Creating and Managing Researcher Components
The process of creating and selecting a Researcher component is similar to that of a Node. You can specify a particular Researcher component using the --path
option.
Example: Default component creation
fedbiomed component create -c researcher
Example: using a researcher component from a specific directory
fedbiomed researcher --path /path/to/fbm-researcher start
Choosing the Correct Component Initialization
Unlike Node components, the Researcher component runs within a Python session rather than as a standalone process. This session must be correctly configured to use the intended Researcher component. The start
command for the Researcher has been designed to ensure to use correct initialization.
Example: Default component creation and starting
# Default component creation
fedbiomed component create -c researcher
# Start a jupyter notebook for this component
fedbiomed researcher start
The commands above will create a default Researcher component (fbm-researcher
) and start a Jupyter Notebook that is pre-configured to use the created Researcher.
This behavior can also be achieved by specifying the --path
option when starting the Researcher from a different directory:
fedbiomed researcher --path /path/to/fbm-researcher start
Executing Plain Python Scripts Without fedbiomed researcher
The Researcher does not need to be started using a Jupyter Notebook. You can use a plain Python script to define and execute experiments.
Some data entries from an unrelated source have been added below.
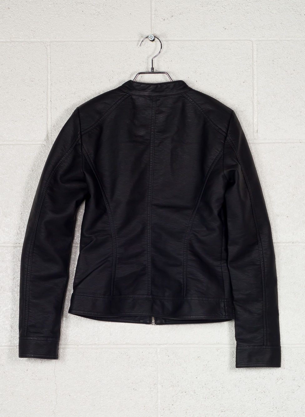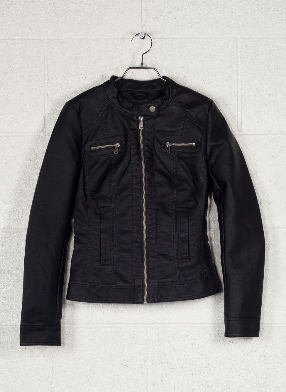 Giacca da donna in pelle sintetica con chiusura full-zip e girocollo con bottone.
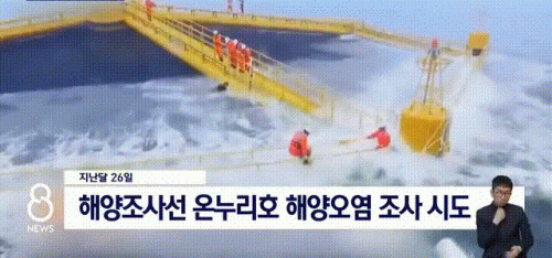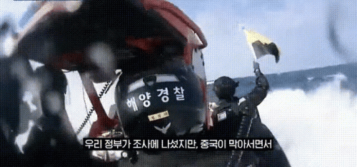 韩国人的船只来的时候,中国的大型工程船正在对这三座巨型海上建筑物进行施工。这些韩国的船只达到附近并试图冲过去的时候,正在附近巡逻的中国海警船赶了过来,立即把韩国的船只截停了下来。
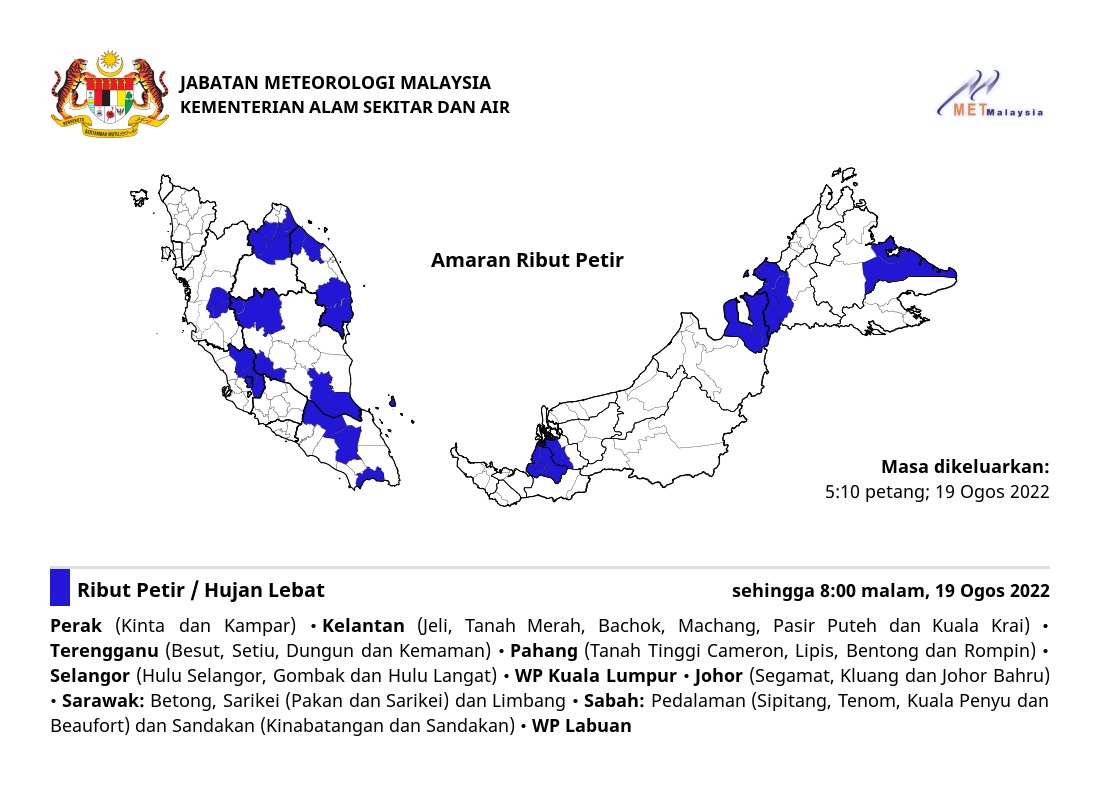 Amaran Ribut Petir 19/08/2022 1710 PM Norbazliah Cuaca 19 August 2022 Hits: 357 Rating: ( 0 Rating ) Please Rate Vote 1 Vote 2 Vote 3 Vote 4 Vote 5 Lihat / Muat Turun JPG Facebook Twitter Prev Next
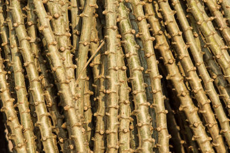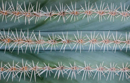 Macro the row of sharp thorns from Columnar cactus in a garden, daylight image, selected focus, empty space for copy and design, Selected focus.
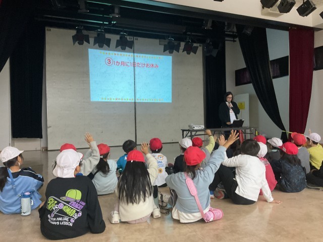 「お休みはなんと1ヶ月で1日だけ」などセンターに関することをクイズ形式で教えてくださいました。
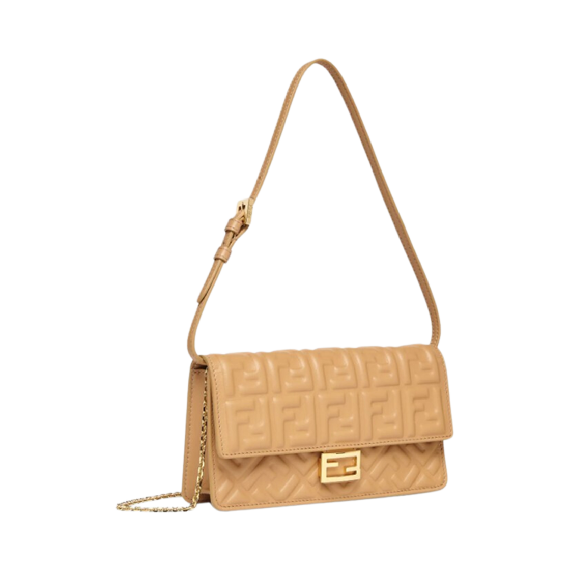 Fendi Nappa Leather Baguette Chain Wallet Light Brown
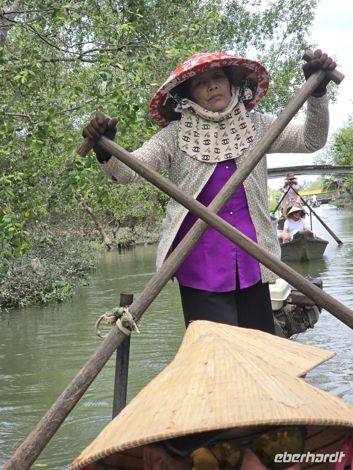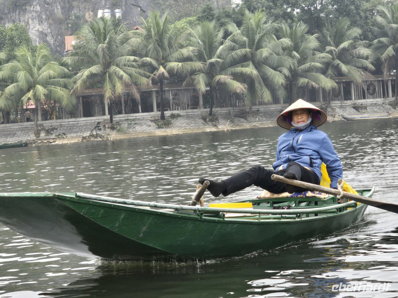 Die Reisbauern dieser Gegend bieten den Touristen an, sie durch den Fluss zu rudern, an den Reisfeldern entlang und durch die imposante Landschaft und eindrucksvoll durch die teilweise niederen Felstunnel. Neben all den Naturschönheiten ist es auch spannend zu beobachten, wie die Frauen die Ruderboote bewegen. Die beiden Paddel werden von den Frauen mit den Beinen bewegt, die Füße schmiegen sich an den Rudergriff und mit den Beinen werden die beiden Paddel geschmeidig bewegt, entweder im Gleichtakt oder Gegentakt.
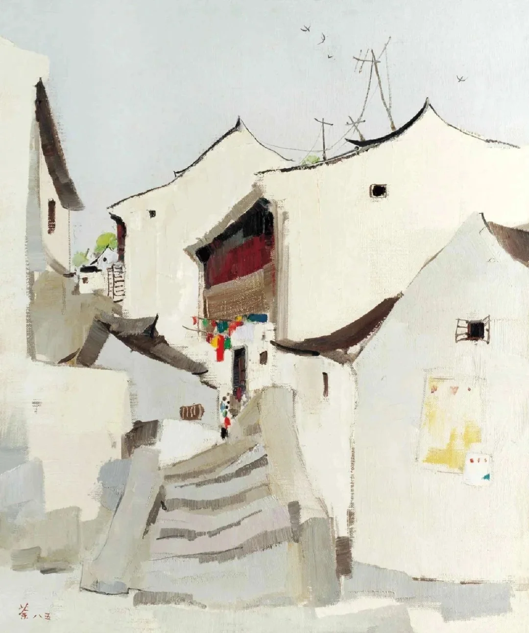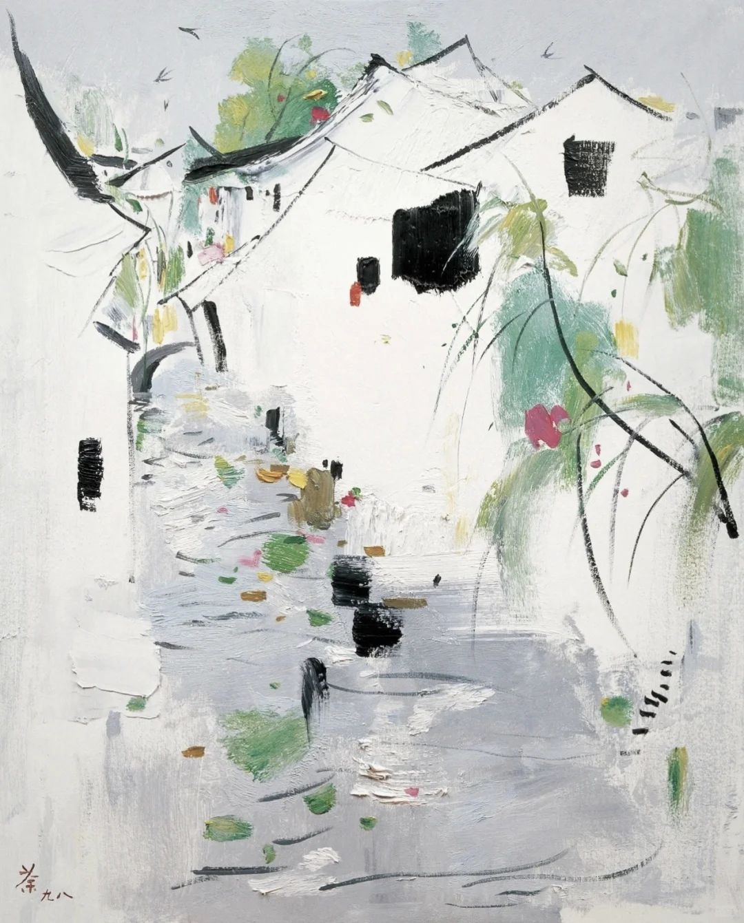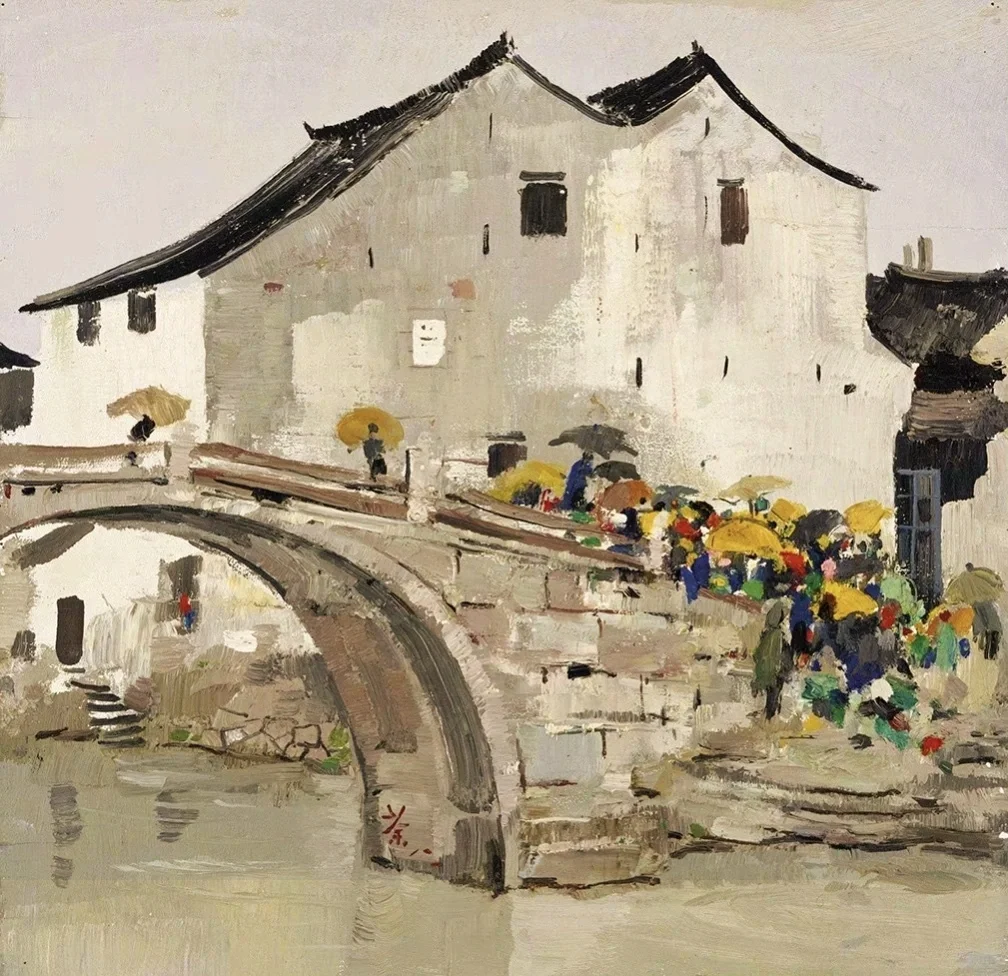 🍀吴冠中在传统的写意山水画中加入了西方油画形式和技巧,创造了崭新的绘画方式,尤其是他的江南水乡系列作品,为中国近现代画坛带来一股新风,促进了中国绘画的繁荣。
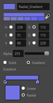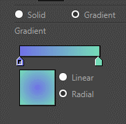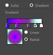- The distribution of the gradient colours can be edited by moving the slider keys. The slider key on the left of the slider represents the centre colour, and the slider key on the right of the slider represents the outer colour:
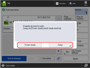 O ecrã do fax é exibido.
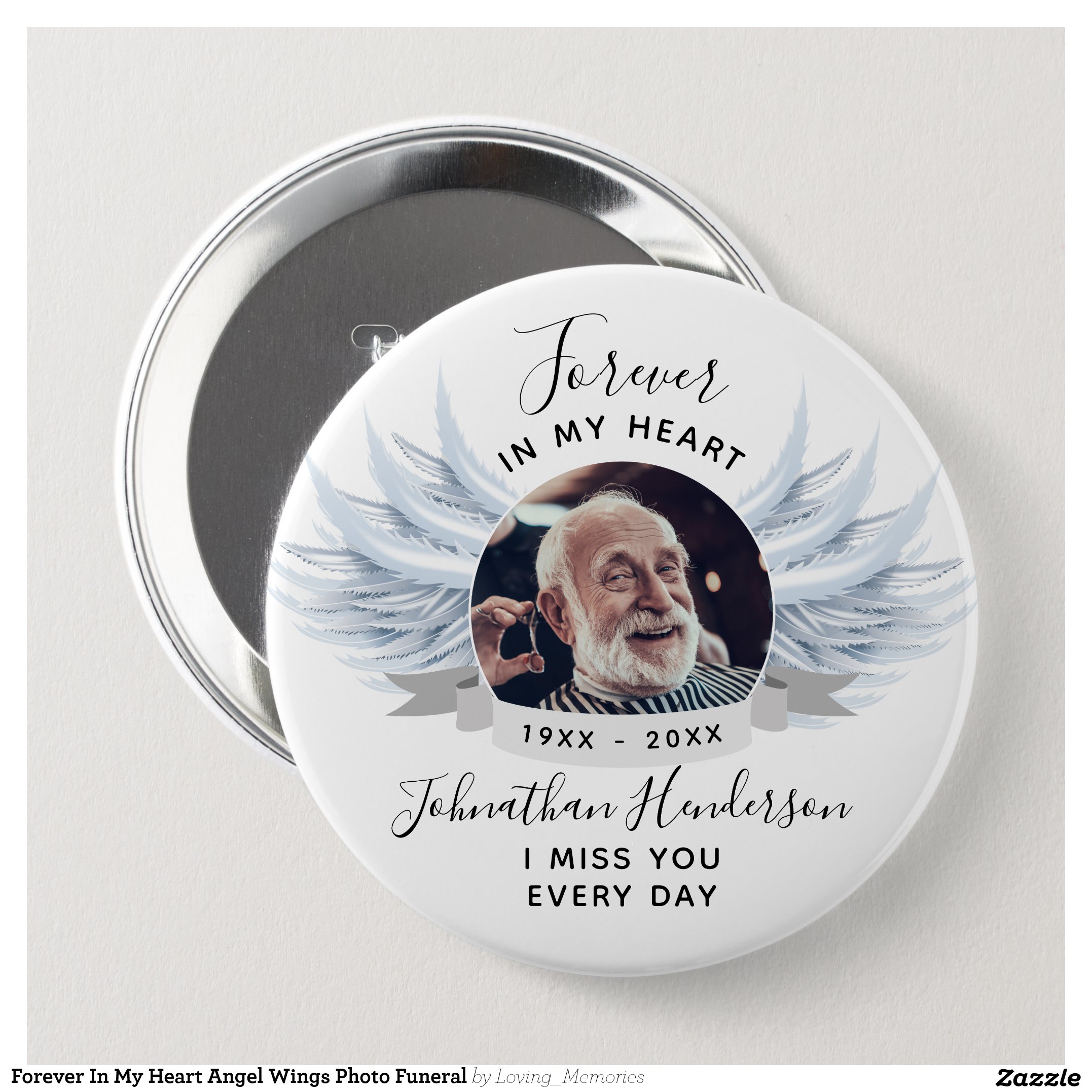 Be the first to review “Forever In My Heart Angel Wings Photo Funeral Button”
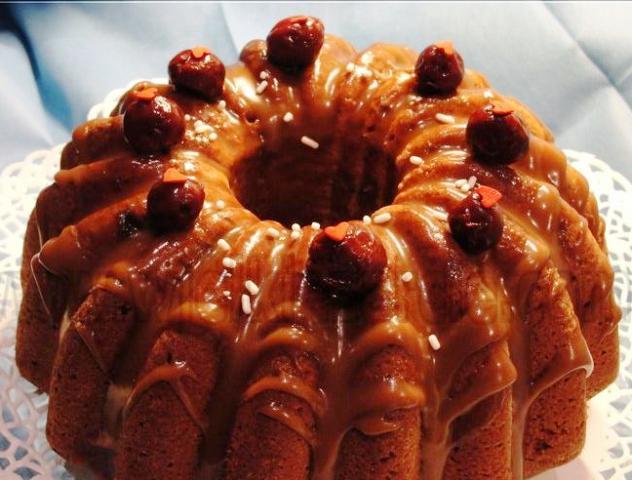 Żółtka utrzeć z masłem i cukrem. Powoli, dodawać po kilka kropli kawy, na przemian z mąką. Olej także wlewać małymi porcjami. Dobrze osączone wiśnie obtoczyć w mące (kilka odłożyć do dekoracji). Ubić pianę białek. Na ciasto wyłożyć wiśnie, ubitą pianę, wymieszać. Piec w temperaturze 180 stopni ok. 1 godzinę. Polewa: Kawę rozpuścić w małej ilości wody. Dodać do cukru pudru. Lukrować.
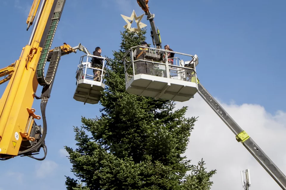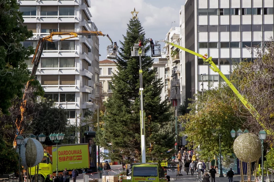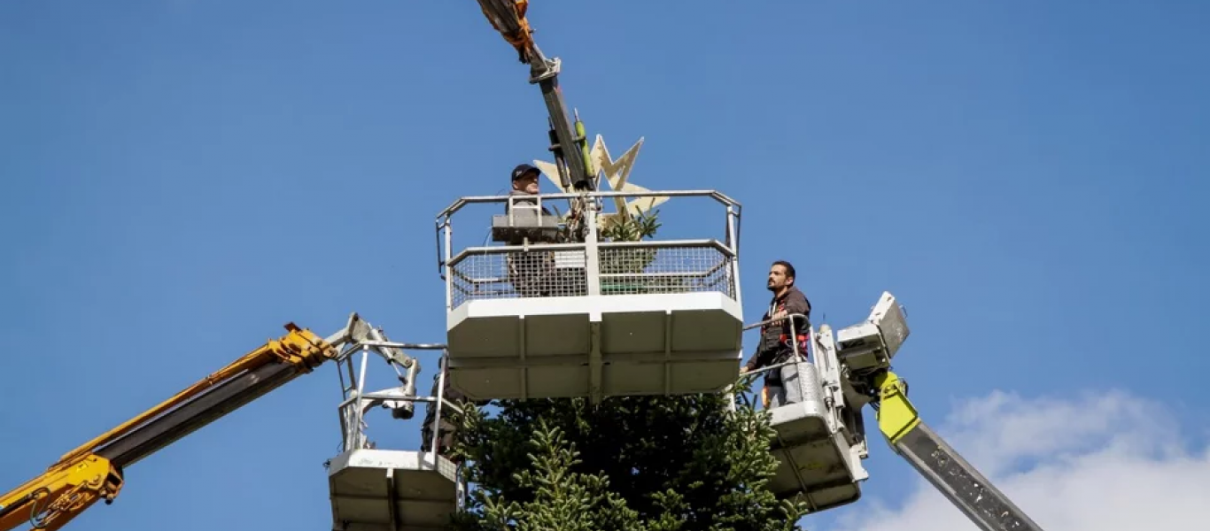 Νωρίς το πρωί του Σαββάτου 20 Νοεμβρίου, ξεκίνησε η τοποθέτηση των στολιδιών στο δέντρο της πλατείας Συντάγματος.
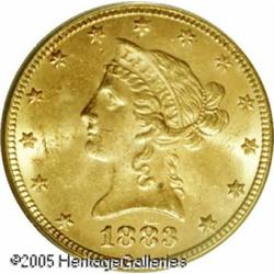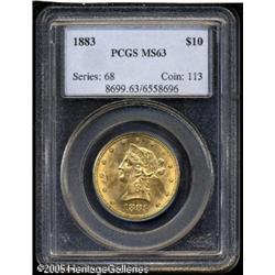 <B>1883 $10 MS63 PCGS.</B></I> A boldly struck representative that has bright cartwheel luster. A small contact mark near Liberty's lower bust is all that prevents an even higher designation. The production of Eagles at the Philadelphia mint was dramatically lower in 1883 than in the two years prior. Population: 51 in 63, 4 finer (12/04).<BR><I>Ex: Heritage 1/00.</B></I><BR><I>From The Richard J. Chouinard Collection of United States Coins, Part Two.</B></I> Lot:8778
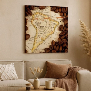 • Mapy světa, káva, Amerika, Gastronomie, mapy světa, cestování, Do kanceláře, Do pracovny, Do jídelny, Do předsíně, Do obývacího pokoje, Do ložnice, Hnědý, Panoramatický
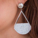 Eden's Desert Stone Earrings embody the resilience of young Burmese girls thriving in challenging conditions like desert flowers. These handmade earrings, measuring 2.6" by 1.6", are crafted with white stone-colored polymer clay and are set in 316 medical-grade stainless steel frame and post.
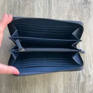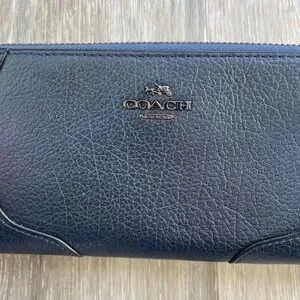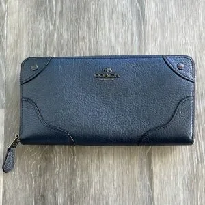 Coach Mickie Blue Metallic Leather Accordion Wallet
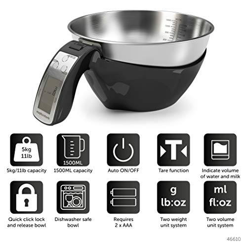 • Durable Materials: Robust stainless steel bowl with colour matched scale: Requires 2 x AAA batteries (not included)
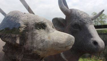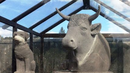 Une curiosité dans le petit cimetière de Sarroux : une vache et un chien statufiés sut la tombe de Léon Charbonnel (XIXe siècle), qui conduisait les vaches Salers vers le Poitou et les Charente, où elles étaient utilisées pour défricher les Landes. La commune les a fait restaurer et placer sous un abri de verre et de métal, pour les protéger des intempéries mais aussi du vandalisme.
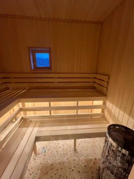 * в доме 3 спальни (2 кровати 160*200, 2 кровати 90*200), 2 двуспальных дивана, кроватка-манеж, раскладушка для детей 150*70, 2 санузла, сауна, во дворе гриль-домик, мангал, стол, детская площадка.
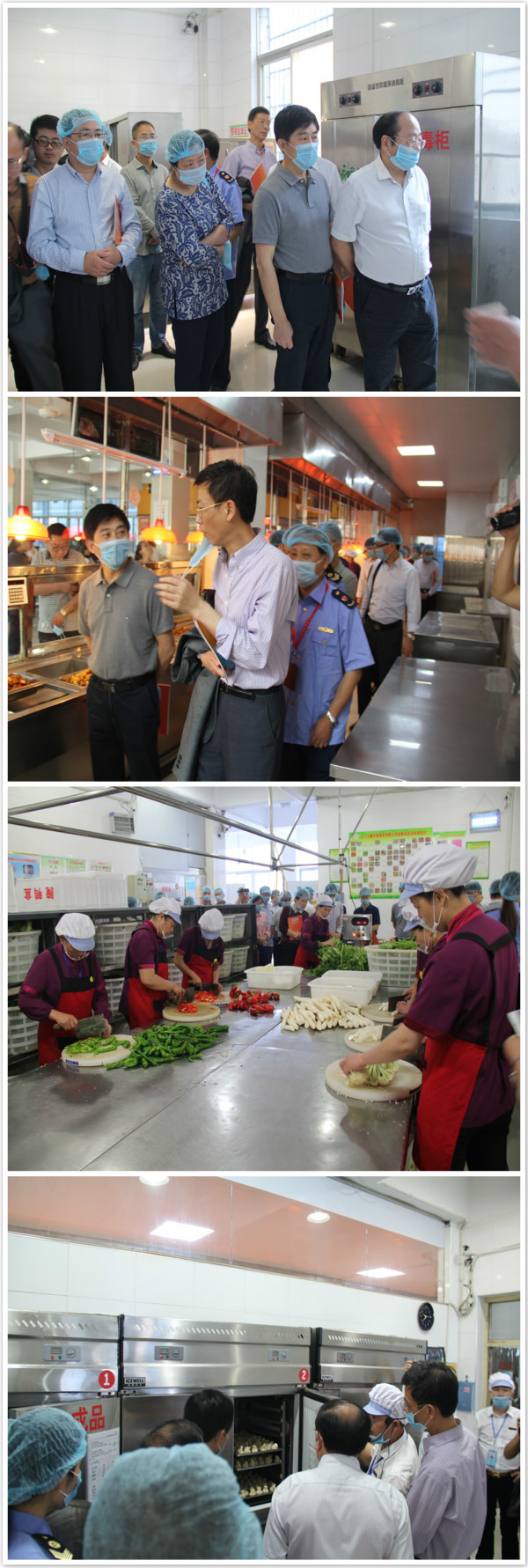 在后勤处的指导下,南区食堂采取透明隔断、开放明档、视频传输、网上晒厨房和设置参观走廊等多种方式,将餐饮服务单位的食品切配加工、烹饪制作、餐具清洗消毒等重点环节的加工过程完整、直观地展示给就餐的师生。考察团一行对我校南区食堂的积极做法和管理理念,给予了肯定。
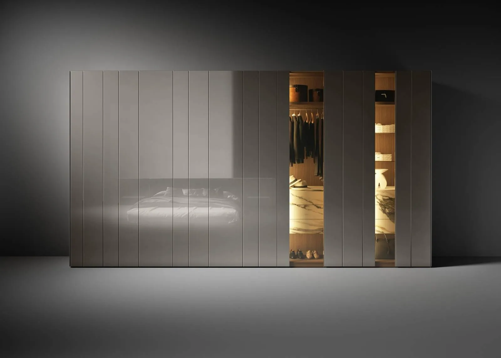 Gli Armadi a muro con ante battenti sono elementi essenziali in camera, per renderla ben arredata, pratica e completa di tutto. Per allestire perfettamente una stanza funzionale ed esteticamente gradevole, scegli le più belle soluzioni delle migliori marche, letti, armadi e comodini di alto contenuto estetico. Contattaci e ottieni informazioni sulla nostra serie di Arredamento Casa Rimini: avrai la possibilità di ultimare la camera da letto avendo a disposizione una diversificata varietà di contenitori design, come l'armadio in vetro nella fotografia.

However, in this case, the correct Researcher initialization directory must be set at the beginning of the script.
Example: using environment variables in a script
import os
os.environ["FBM_RESEARCHER_COMPONENT_ROOT"] = '/path/to/fbm-researcher'
# Remaining code for the experiment
# ...
Example: Setting environment variables in the command Line
You can achieve the same behavior by exporting the FBM_RESEARCHER_COMPONENT_ROOT
environment variable before running your script:
export FBM_RESEARCHER_COMPONENT_ROOT=/path/to/fbm-researcher
python my-experiment.py
Alternatively, you can set the environment variable inline:
FBM_RESEARCHER_COMPONENT_ROOT=/path/to/fbm-researcher python my-experiment.py
Cleaning
A Fed-BioMed instance can handle successive operations like adding and then removing nodes or datasets, conducting sequential experiments. But after testing, thing may get wrong. At this point, you may want to clean all things. Afterwards, you will need to restart from scratch (add datasets to nodes, start nodes, etc...)
To clean your Fed-BioMed instance :
- stop the researcher : shutdown the notebook kernel (
Quit
in on the notebook interface orctrl-C
on the console) - stop the nodes : interrupt (
ctrl-C
) on the nodes console - remove all configuration files, dataset sharing configuration, temporary files, caches for all Fed-BioMed components with :
$ rm -rf COMPONENT_DIR
Where COMPONENT_DIR
is: * for a node, the parameter provided as fedbiomed node -p COMPONENT_DIR
or by default fbm-node
if no parameter was given * for a researcher, the parameter provided as fedbiomed researcher -p COMPONENT_DIR
or by default fbm-researcher
if no parameter was given
When you restart a node after cleaning the Fed-BioMed instance, the node doesn't provides any dataset, as the dataset sharing configuration was reset in the cleaning process. Of course, Fed-BioMed did not delete any data, it just stopped sharing them.